When it comes to packing for a trip abroad, even the most organized among us can get a little discombobulated. Stay on course with these tips, tricks, and hacks, honed over nearly 2 million miles in the air.
Color coordinate your clothes. Planning outfits around a single color scheme means fewer shoes to weigh down your suitcase and fewer pieces of jewelry to potentially lose. Add panache with scarves.
Include a quick-dry outfit. Jeans are a travel staple but can take days to dry. Consider lightweight knits, which dry in a flash, whether you get caught in the rain or need to rinse them in the sink. Be sure to pack a hooded raincoat, too, since umbrellas can be challenging in crowded tourist sites.
Pack for your destination. Women traveling to a conservative destination — such as Turkey, the Middle East, and India — should avoid any revealing attire, including such items as miniskirts, short tops with leggings, tank tops, and low-cut blouses. Carry a scarf that can double as a head covering or cover your shoulders if you plan to visit religious sites.
Choose the right shoes. Give your feet a break with thick-soled shoes such as Dansko clogs or European-style trainers, which will get you over cobblestones, through hard-floored museums, and straight to lunch or dinner.
Bring your own electrical adaptors. These days, with most of us traveling with multiple electronics, the single adaptor that you might be able to borrow from the front desk of your hotel just won’t cut it. Throw several adaptors into a plastic bag and keep it in your carry-on. If you get stuck in a foreign airport, you’ll be glad you did.
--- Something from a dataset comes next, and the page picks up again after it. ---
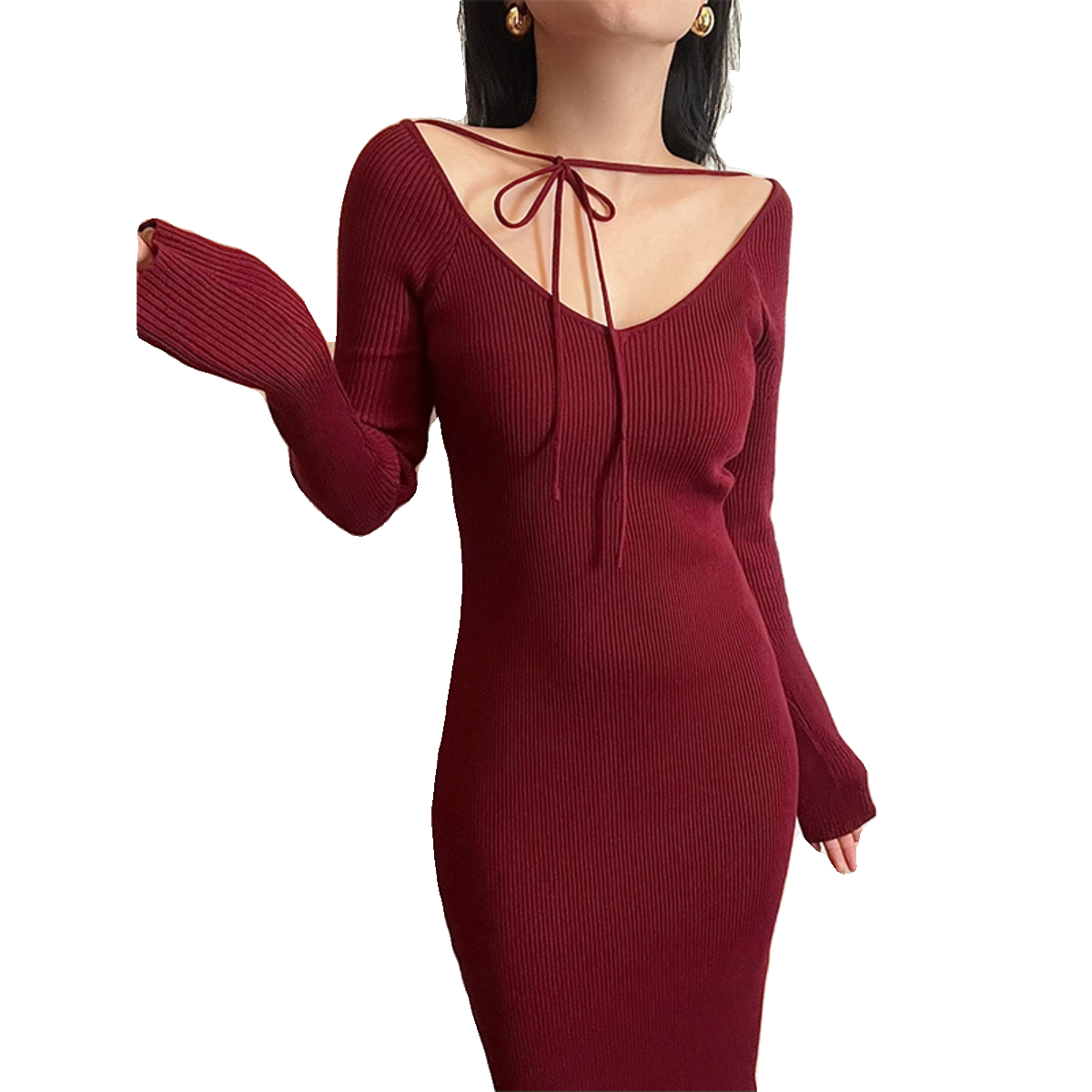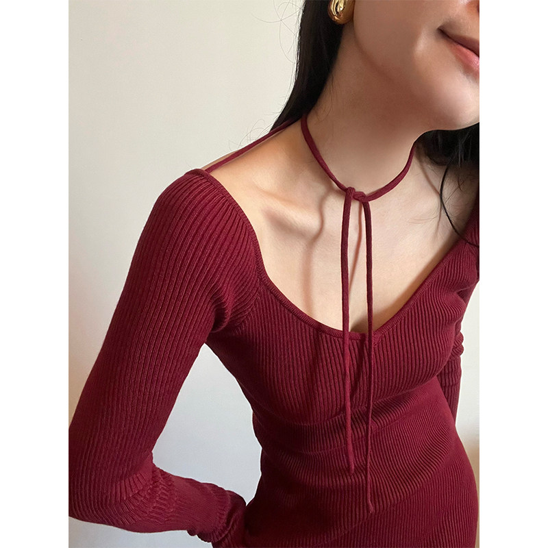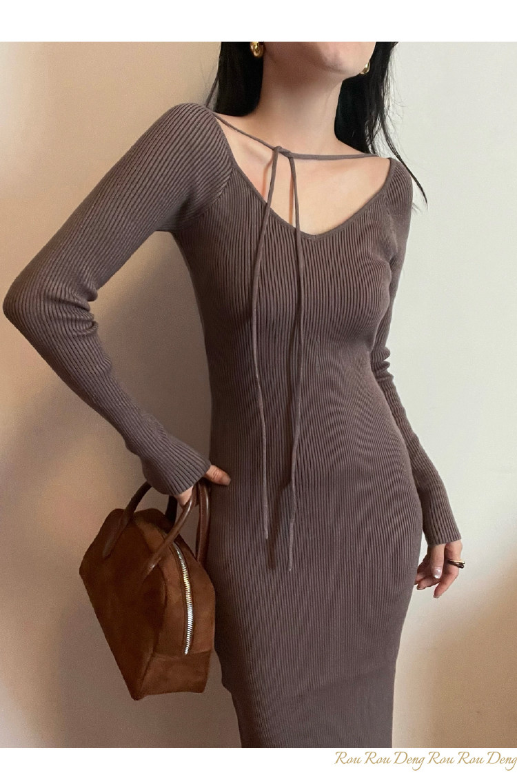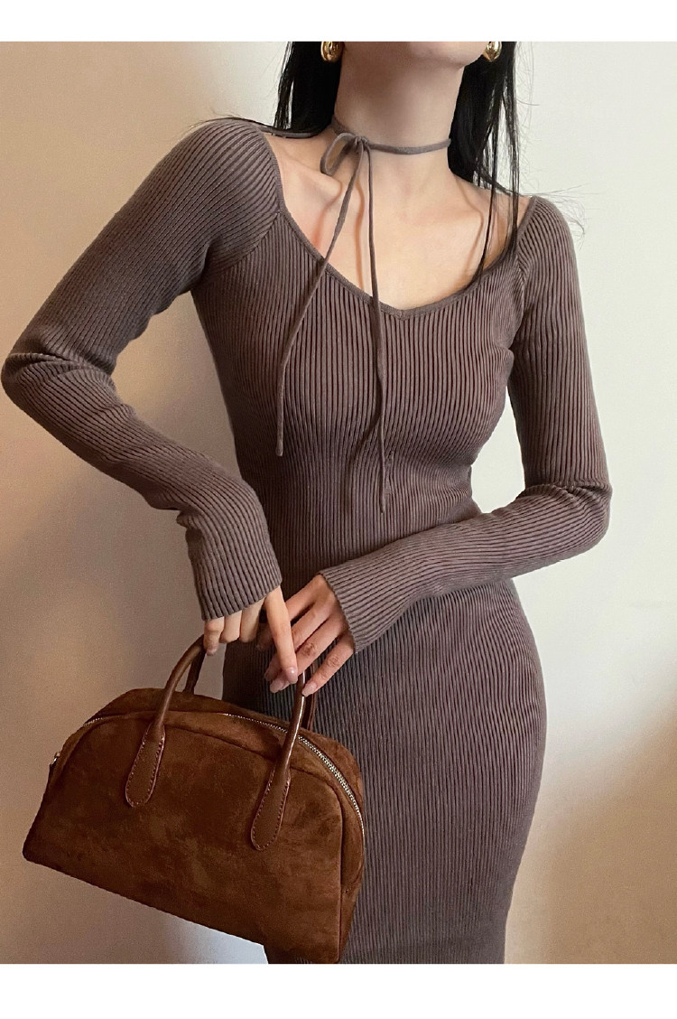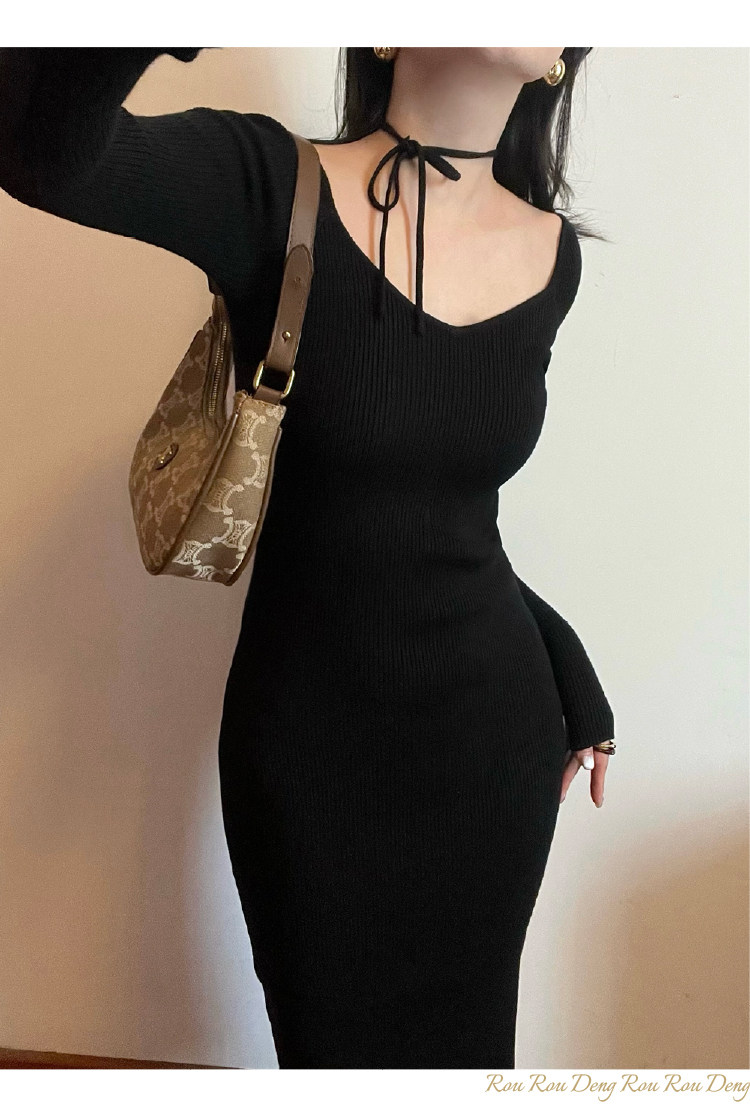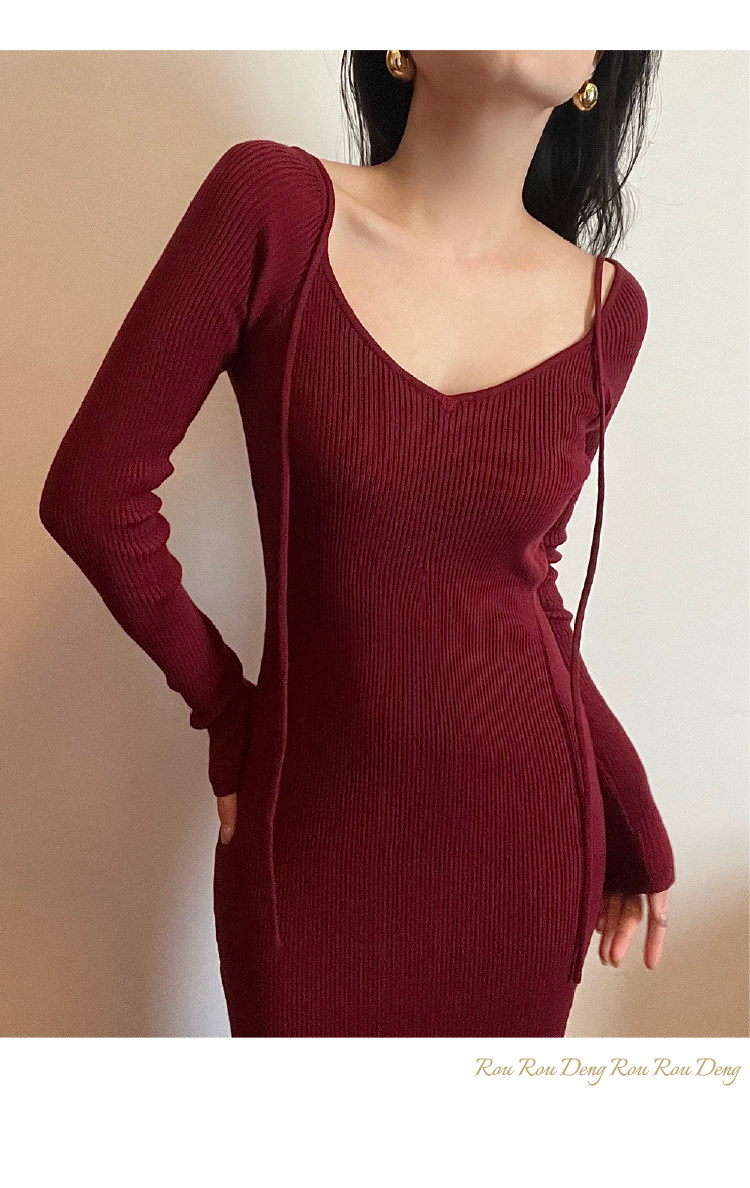Ремень, трикотажное платье, приталенная длинная юбка, французский стиль, 2024 года, городской стиль, яркий броский стиль, изысканный стиль, с акцентом на бедрах

Think of your carry-on as an emergency kit. No matter what class you’re flying, a medium-sized duffle that you can stuff under your seat, where it can serve as a footrest, can be a lifesaver. It should contain a just-in-case outfit that can get you through your first day; prescription medication; house keys; eyeglasses in a hard case; snacks; a water bottle you fill before leaving the plane since some foreign airports don’t have water fountains; a wrap; a travel pillow such as a Trtl, which is supportive and warm; a toothbrush and toothpaste; and a sleep mask. Waterproof STNKY bags keep dirty clothes separate from the rest of your gear, both on the plane and throughout your trip.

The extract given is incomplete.